# Elite 7 HDI vs Hook (Chirp)



## Stephan203 (3. September 2016)

Hallo,

ich habe weder hier noch bei google eine verlässliche Aussage bekommen oder gefunden.
Ist das Elite 7 HDI das gleiche wie das Chirp?
Das HDI nutzt die gleichen Frequenzen wie das Chirp und sieht zudem noch genau gleich aus und überalls steht so zimlich das selbe.
Ist das Chirp nur um das neue Produkt anzupreisen oder gibt es wirklich einen Unterschied zwischen dem HDI und dem Chirp.
Und wenn ja was ist da der Unterschied.
Tut es es HDI genau so wie das Chirp?


Gruß


----------



## hxxnz_xttx (4. September 2016)

*AW: Elite 7 HDI vs Hook (Chirp)*

Um Dir diese Fragen erschöpfend zu beantworten, müsste man einige Seiten schreiben, da zum Verständnis der Ausführungen die technischen Abläufe bekannt sein sollten.
CHIRP ist Frequenzspreiztechnik, die unterschiedliche Frequenzen gleichseitig durchsucht, um sowohl genügend Tiefenscan zu haben, als auch eine gute Objekttrennung. Alle NICHT CHIRP Geräte arbeiten mit Festfrequenzen, also auch HDI.

CHIRP bringt aber nur dann VORTEILE, wenn zwei Voraussetzungen erfüllt sind:

1. Die Bandbreite, in der die Frequenzen als Schallwelle ausgestrahlt werden, muss groß genug sein, damit der Effekt überhaupt zum tragen kommt. Z.B. würde ein CHirp im Bereich 80-88KhZ gegenüber einer Festfrequenz von 83Khz überhaupt keinen Vorteil bringen.
2. Der eingesetzte Geber sollte den gesamten Frequenzbereich, der angepeilt wird (z.B. 150-240Khz z.B. im Süßwasserbereich) auch qualitativ gut darstellen können.
Wenn das Gerät z.B. in einem Chirp Bereich von 50 -250Khz arbeiten kann, der Geber aber ein Dualfrequenzgeber (83/200KhZ) ist, findet kein CHirp statt, d.h. es besteht kein Unterschied zu einem entsprechenden Standard Echolot. 

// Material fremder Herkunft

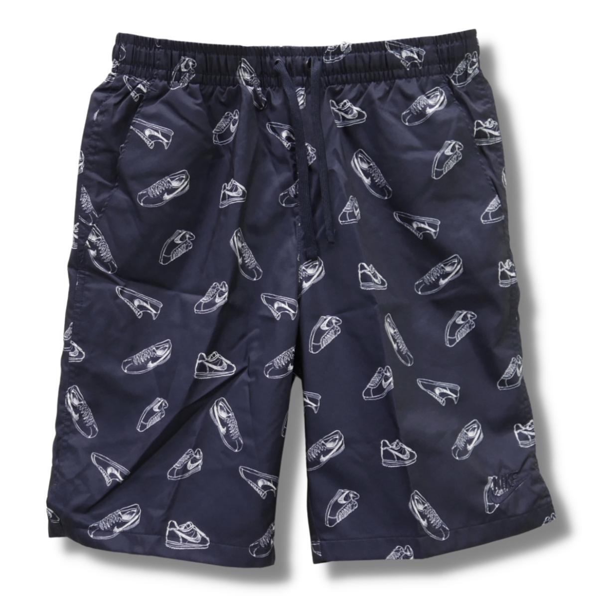 即決☆ナイキ ウインド ショートパンツ NV/Lサイズ L ネコポス スニーカー柄プリント メッシュ裏地 普段使用OK ハーフ 短パン ネイビー 紺

Wenn Du das bis hierhin nachvollzogen hast, dann versuche doch einmal herauszufinden, welchen Frequenzbereich das CHirp im Lowrance Hook abdeckt und was der mitgelieferte Geber in diesen Bereichen kann. Wenn Du dazu irgendwo passende Informationen findest, lass es mich wissen. Die Hersteller halten sich bei diesen Daten sehr bedeckt. Warum wohl?


----------